What to work on = In the records below, find the line with "DESCRIPTION:This sweet and", then retype it and every following line exactly, stopping after the line with "2015年11月26日,万象". Leave the pictures out.

Input data =

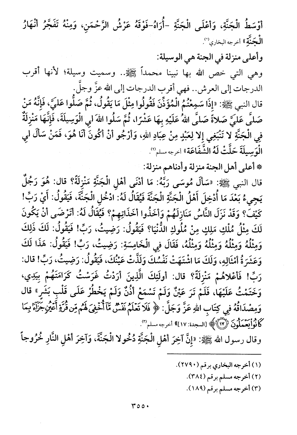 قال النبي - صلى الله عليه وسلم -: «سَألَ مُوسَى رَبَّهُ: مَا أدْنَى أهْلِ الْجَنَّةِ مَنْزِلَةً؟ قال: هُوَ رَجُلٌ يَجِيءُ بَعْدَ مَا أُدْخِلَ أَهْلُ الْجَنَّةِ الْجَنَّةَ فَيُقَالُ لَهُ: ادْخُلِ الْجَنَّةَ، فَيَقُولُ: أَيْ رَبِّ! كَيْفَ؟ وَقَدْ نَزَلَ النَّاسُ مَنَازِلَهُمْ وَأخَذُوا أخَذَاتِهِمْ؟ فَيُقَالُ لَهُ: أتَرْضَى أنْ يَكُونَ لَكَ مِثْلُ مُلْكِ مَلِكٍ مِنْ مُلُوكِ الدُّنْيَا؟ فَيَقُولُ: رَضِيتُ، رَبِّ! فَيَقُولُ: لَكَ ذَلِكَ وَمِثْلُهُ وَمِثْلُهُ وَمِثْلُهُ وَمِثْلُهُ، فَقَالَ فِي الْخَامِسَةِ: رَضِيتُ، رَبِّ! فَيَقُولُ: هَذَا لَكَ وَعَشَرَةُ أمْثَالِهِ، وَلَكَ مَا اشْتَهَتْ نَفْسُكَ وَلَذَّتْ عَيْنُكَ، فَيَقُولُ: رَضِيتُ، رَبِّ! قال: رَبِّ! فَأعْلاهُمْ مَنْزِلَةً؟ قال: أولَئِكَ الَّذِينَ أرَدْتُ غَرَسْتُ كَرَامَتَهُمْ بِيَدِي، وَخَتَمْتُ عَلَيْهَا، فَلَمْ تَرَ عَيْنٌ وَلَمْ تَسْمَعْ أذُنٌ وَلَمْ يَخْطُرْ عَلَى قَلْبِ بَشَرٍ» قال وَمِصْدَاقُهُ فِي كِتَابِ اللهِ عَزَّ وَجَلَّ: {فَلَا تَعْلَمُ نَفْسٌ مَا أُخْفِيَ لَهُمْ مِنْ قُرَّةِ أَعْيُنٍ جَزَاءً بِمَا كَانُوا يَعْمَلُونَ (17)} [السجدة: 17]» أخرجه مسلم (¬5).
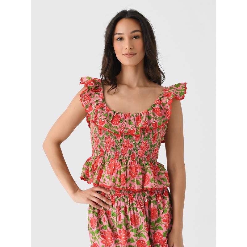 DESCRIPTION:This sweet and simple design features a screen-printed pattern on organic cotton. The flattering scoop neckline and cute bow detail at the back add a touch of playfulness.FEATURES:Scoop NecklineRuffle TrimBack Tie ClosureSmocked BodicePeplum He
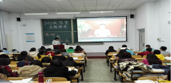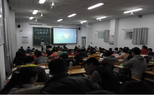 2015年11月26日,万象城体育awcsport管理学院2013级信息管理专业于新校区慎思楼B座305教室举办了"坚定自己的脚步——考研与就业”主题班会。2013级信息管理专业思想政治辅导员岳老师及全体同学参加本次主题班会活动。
==
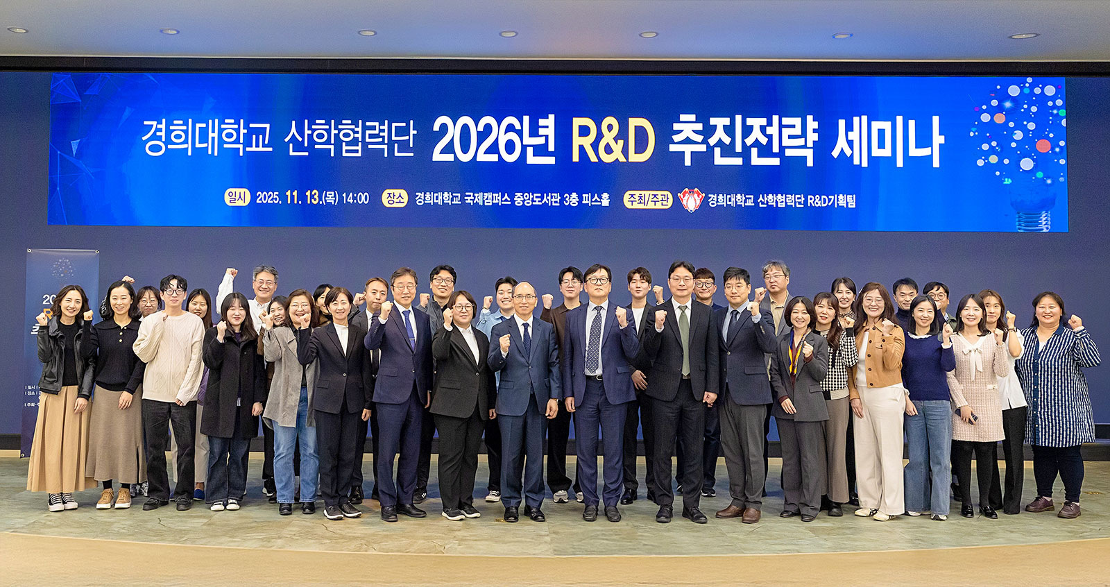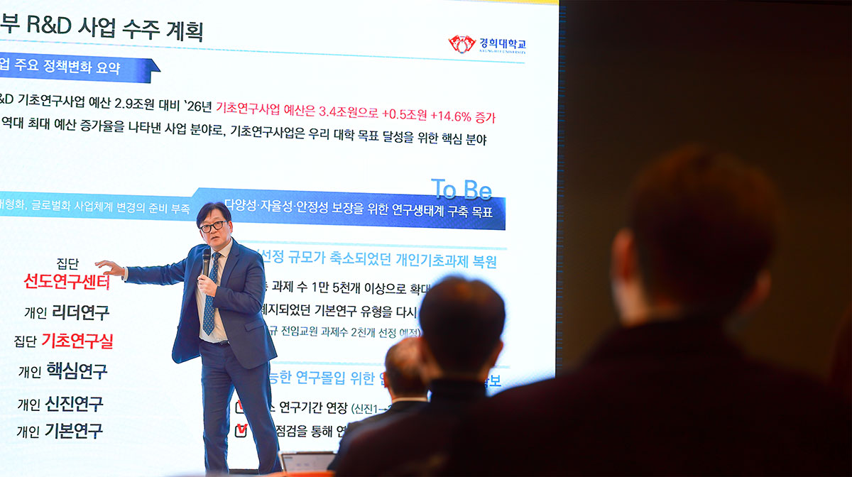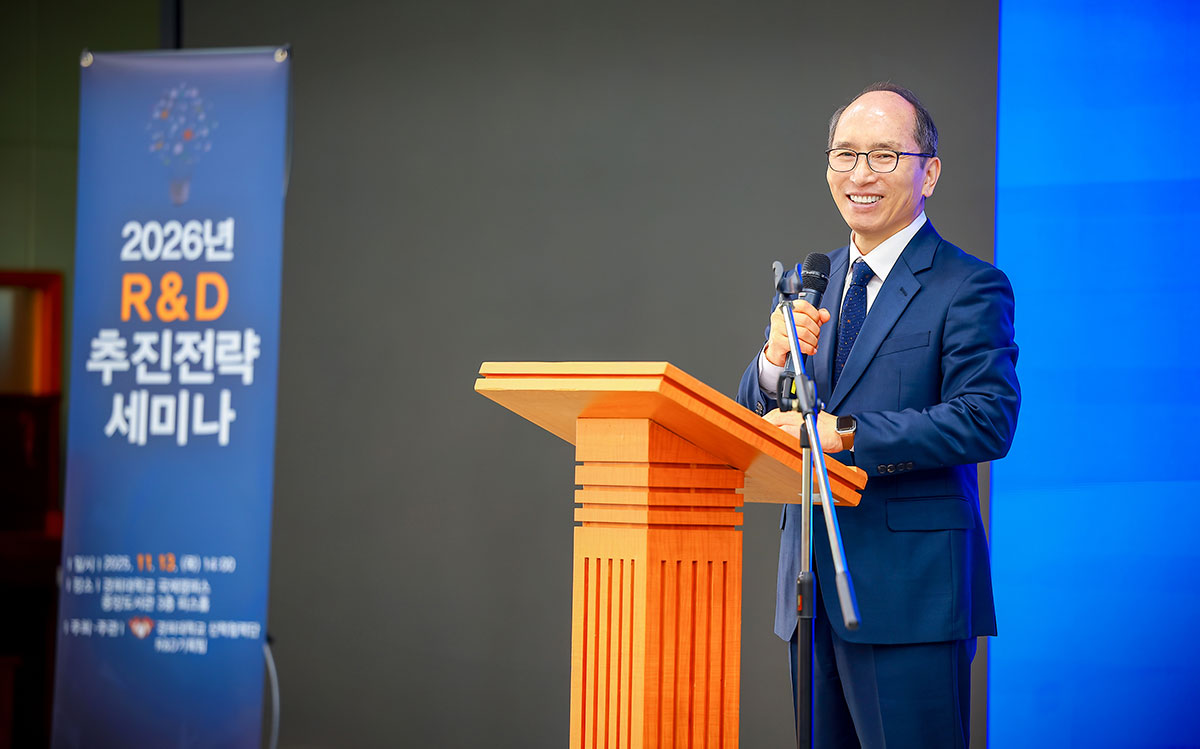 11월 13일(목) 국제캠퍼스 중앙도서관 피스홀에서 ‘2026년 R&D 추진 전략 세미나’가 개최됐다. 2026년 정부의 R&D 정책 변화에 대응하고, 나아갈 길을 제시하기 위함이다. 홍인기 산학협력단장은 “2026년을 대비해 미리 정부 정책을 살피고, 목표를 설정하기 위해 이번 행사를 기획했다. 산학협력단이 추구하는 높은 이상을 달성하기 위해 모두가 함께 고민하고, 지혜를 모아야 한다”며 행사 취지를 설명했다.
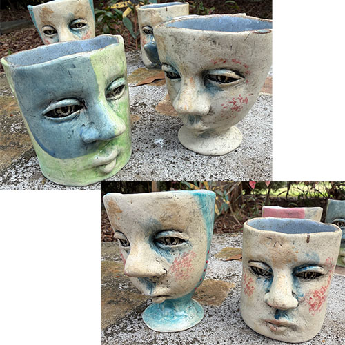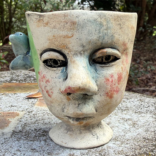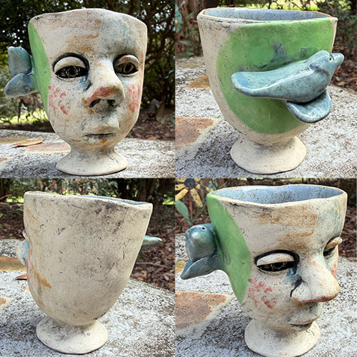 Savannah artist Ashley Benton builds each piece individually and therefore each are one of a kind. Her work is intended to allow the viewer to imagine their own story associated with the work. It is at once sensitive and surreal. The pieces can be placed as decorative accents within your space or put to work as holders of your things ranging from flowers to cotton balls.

Response box =
 DESCRIPTION:This sweet and simple design features a screen-printed pattern on organic cotton. The flattering scoop neckline and cute bow detail at the back add a touch of playfulness.FEATURES:Scoop NecklineRuffle TrimBack Tie ClosureSmocked BodicePeplum He
 2015年11月26日,万象城体育awcsport管理学院2013级信息管理专业于新校区慎思楼B座305教室举办了"坚定自己的脚步——考研与就业”主题班会。2013级信息管理专业思想政治辅导员岳老师及全体同学参加本次主题班会活动。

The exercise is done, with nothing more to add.